Malvecdb: Malware and Vectorstores for semantic querying
Introduction
On Twitter, I see this article from Akamai: Patch Wednesday: Analysis with LLMs. In this article, Akamai discuss using a multi-agent system to do some stuff with CVEs - they showed this diagram.
As fun as all that looks, the bit that caught my attention was the Windows Binaries Vector store - quote:
Windows internals agent — This agent uses a retrieval-augmented generation (RAG) pipeline backed by a vector store containing Windows binaries and their functionality metadata. This enables the agent to significantly narrow the scope of analysis and focus on the most relevant components.
To me, this sounded really cool and being able to query a dataset of malware and ask questions semantic questions could be interesting. Examples:
- give me every sample where GetProcAddress is imported and the binary is less than 1KB
- give me every sample that has an entropy higher than 6.5 and has a UPX section
- etc.
I had no idea you could do this with malware so I began looking it up and put something together to do this.

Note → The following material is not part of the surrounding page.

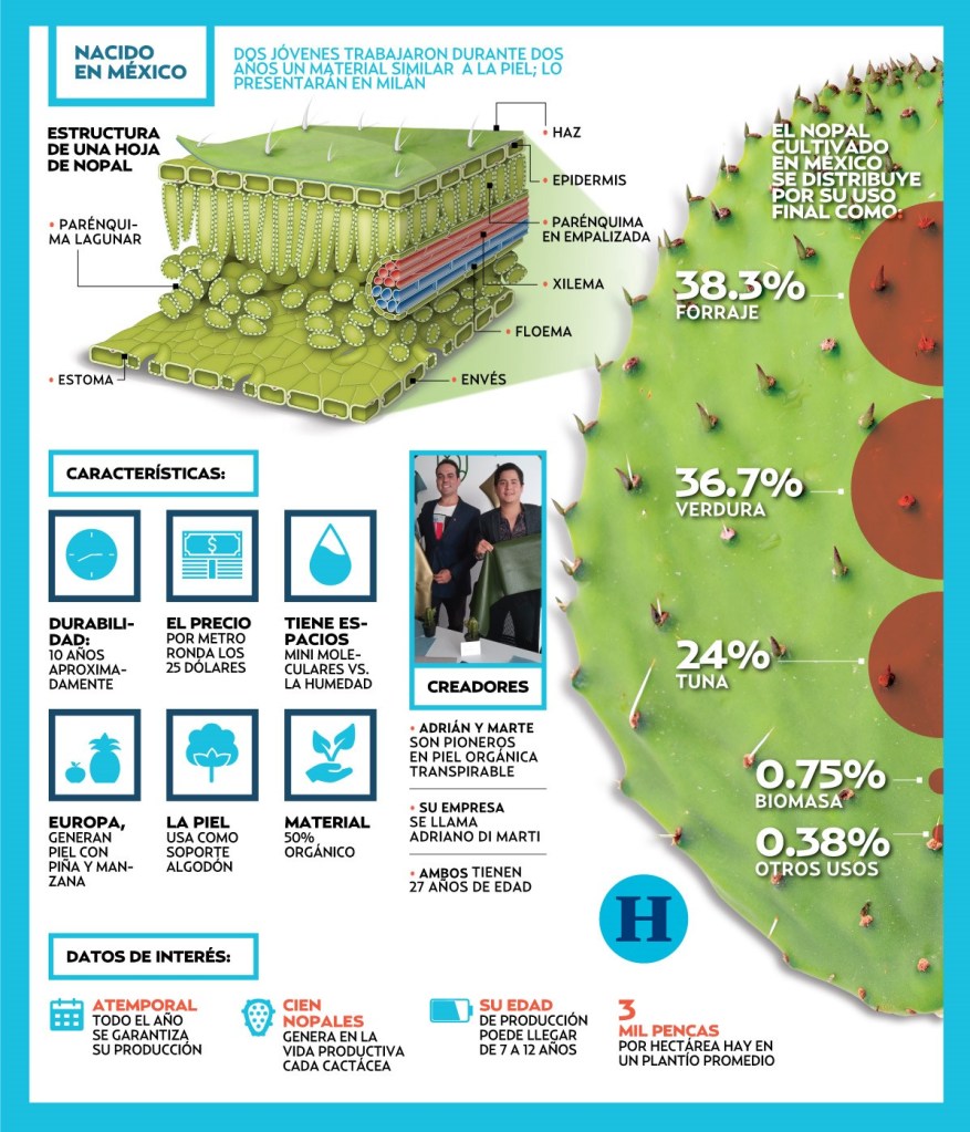 This October two inventors from Guadalajara in Mexico will travel to Milan in Italy to showcase a new product made from the nopal cactus at Lineapelle. Lineapelle is a prestigious international trade exhibition of leather goods which is held twice a year and exhibits “New trends in leather, textiles and synthetics for shoes, handbags, leather goods and leatherwear”. In the upcoming October fair Adrián López and Marte Cazárez will present a new innovation in eco-friendly leather which uses the Opuntia cactus as its base material.

So, in this blog, I want to utilise the dataset I've mentioned a few times this year and build this out to run some semantic queries. Here are the blogs referencing this dataset:
- Citadel: Binary Static Analysis Framework
- Citadel 2.0: Predicting Maliciousness
- Using EMBER2024 to evaluate red team implants
- Static Data Exploration of Malware and Goodware Samples
Goal
At a high level, this boils down to a simple question:
"What is similar to this, when I don't yet know what I'm looking for?"
The context for this matters a lot and the scenario is:
- I found a weird thing
- What looks similar to this
Step 1: Structured queries
Before doing anything, the first step is to parse an PE into something structure. In this case, the PE is already structured so its just a case of taking that model and converting it into something like JSON. No vectors yet. No LLMs. Just hard constraints.

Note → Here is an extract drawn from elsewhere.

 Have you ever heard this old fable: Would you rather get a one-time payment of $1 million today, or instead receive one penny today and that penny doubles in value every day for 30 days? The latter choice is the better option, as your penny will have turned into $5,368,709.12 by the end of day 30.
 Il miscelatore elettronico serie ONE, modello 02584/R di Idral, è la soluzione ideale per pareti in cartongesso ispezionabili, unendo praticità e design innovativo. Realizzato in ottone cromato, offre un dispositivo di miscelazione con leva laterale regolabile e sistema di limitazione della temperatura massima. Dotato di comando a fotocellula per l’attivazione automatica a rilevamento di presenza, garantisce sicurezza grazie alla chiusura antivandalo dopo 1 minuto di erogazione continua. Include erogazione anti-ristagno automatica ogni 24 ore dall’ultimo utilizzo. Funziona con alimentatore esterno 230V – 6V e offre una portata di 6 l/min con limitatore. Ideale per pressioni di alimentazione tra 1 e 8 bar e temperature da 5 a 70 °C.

As its JSON, each sample can be shoved into Mongo DB and queried for things like:
{"entropy": { "$gt": 7.5 }}
Step 2: Similarities
Let's say we query the data and from 700,000 we get a new list of 200 samples. Now we want to group them and ask how similar do they look or expand it back out to the 700,000 and potentially match things we missed. Once the data is constrained to a subset, then its a case of doing things like:
- nearest-neighbor searches
- clustering
- outlier detection
Step 3: Insight (the actual research output)

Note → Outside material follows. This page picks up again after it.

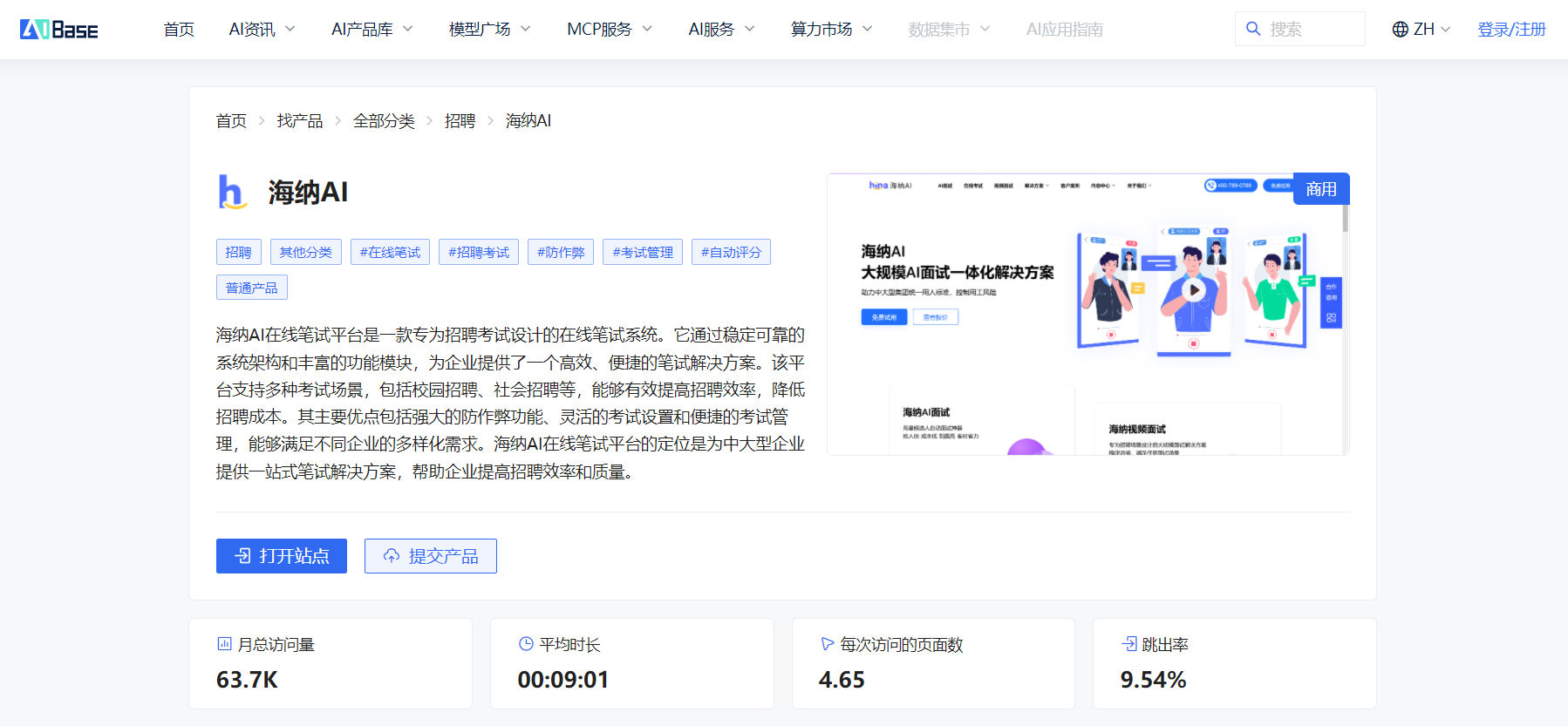 月总访问量6.37万次——这个数字不仅是单纯的流量统计,它代表了超过六万名用户对高效、智能招聘解决方案的迫切需求。每一次点击,都是对海纳AI产品价值的探索;每一次访问,都是一份对优化人才筛选流程能力的信任。

The final step, for this variant, is to visualise and filter. For that, streamlit was used - more on that later.
Putting it together
When all stitched together, a conceptual workflow would look like this:
# 1. Hard filter (Mongo)
candidates = mongo.find({
"file_features.overall_entropy": {"$gt": 7.5},
"imports": {
"$all": [
"KERNEL32.dll!GetProcAddress",
"KERNEL32.dll!LoadLibraryA"
]
}
})
candidate_ids = [c["sha256"] for c in candidates]
# 2. Similarity expansion (Chroma)
neighbors = chroma.query(
where={"sha256": {"$in": candidate_ids}},
n_results=20
)
Before building, some background information.
Windows Binary Vector store
As all good research in 2025 starts, I asked the AI to explain what a Binary Vector store was.
The response from this was as expected, some ramblings on vector embeddings which is something I've written about before in From RAGs to Riches: Using LLMs and RAGs to Enhance Your Ops, and we can see a pretty good definition for vector store's in this MongoDB article: Vector Stores in Artificial Intelligence (AI)
MongoDB explain it best:
Typically found in vector databases, a vector store is a digital storage system that holds vectors – the unique fingerprint for a piece of data, whether it's a sentence, an image, or a user's browsing habits. The vector store not only keeps these vectors together in a vector space, but also quickly and efficiently finds and places similar vectors or identical vectors near one another.
...
In artificial intelligence, a vector is a mathematical point that represents data in a format that AI algorithms can understand. Vectors are arrays (or lists) of numbers, with each number representing a specific feature or attribute of the data. They are housed in vector stores and used in vector databases in AI applications.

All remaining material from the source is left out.